We chose this name because we saw her everywhere
We saw her in the woman who wears a handloom kurti to a family puja and a sharp kurta to a Monday morning meeting. We saw her in the woman who is a daughter, a professional, a mother, and a dreamer — sometimes all before noon. We saw her in the woman who does not choose between tradition and ambition, between where she came from and where she is going. She carries it all. Gracefully. Unapologetically.
Our Brand
This philosophy is stitched into everything we make.
The Indian woman has always been this way. She has always evolved — quietly, constantly, on her own terms.
Banjaran is simply a salute to that. To her freedom. To her layers.

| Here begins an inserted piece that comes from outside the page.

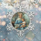 The French Blue Madonna ornament features an image from a beautiful antique French holy card printed at the end of the nineteenth century. Jesus and the Blessed Mother are surrounded by fluttering white doves and a hazy wooded landscape.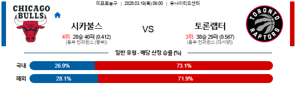 2026-03-19 09:00 NBA 시카고 불스 vs 토론토 랩터스

To the fact that she cannot — and should not — be defined by a single role, a single fabric, or a single moment.
The future
What Banjarans Do
When Dinesh Agarwal founded Banjaran in 1993 in Calcutta, he was not just building a garments business. He was building something for her — the everyday Indian woman who deserved quality, variety, and craft at every price point. Over 33 years, through retailers, through markets, and through thousands of relationships built one saree and one kurti at a time, Banjaran grew into a name that resonated deeply across East India and beyond.
Today, as we step into our next chapter as a D2C brand, that founding philosophy has not changed. We are still building for her. We are just finally able to reach her directly — wherever she is, whoever she is becoming.
Because that is what Banjarans do. They keep moving. They keep evolving.
And so do we.
By Dinesh Agarwal
Founder's Note
When I started Banjaran in 1993, I had no roadmap. No mentor in the industry. No family background in garments. What I had was a belief — that there was something real and lasting to be built here, and that I was the one to build it.The first few years were humbling. I tried many things, made many mistakes, and learned even more. But when I discovered women's ethnic wear in 1995, something clicked. I knew I had found my path. And I have walked it every single day since.We started from a small room in our family flat. A few stitching machines.
A lot of hope. Over the years, that small room became an office. That office became a building — a building that now stands on the main road of Calcutta's Ram Mandir market, one that I am told helped change the face of the market itself. I still find that hard to believe sometimes. But that is what happens when you just keep going.
What has kept me going is not the business. It is the people. The karigars whose craft lives in every piece we make. The employees who have been with me for over 20 years and who I consider family. And most of all, the women of India — who have worn Banjaran through festivals, through offices, through ordinary Tuesdays and extraordinary milestones. Dressing them has been the greatest privilege of my life.
Thank you for being a part of this journey.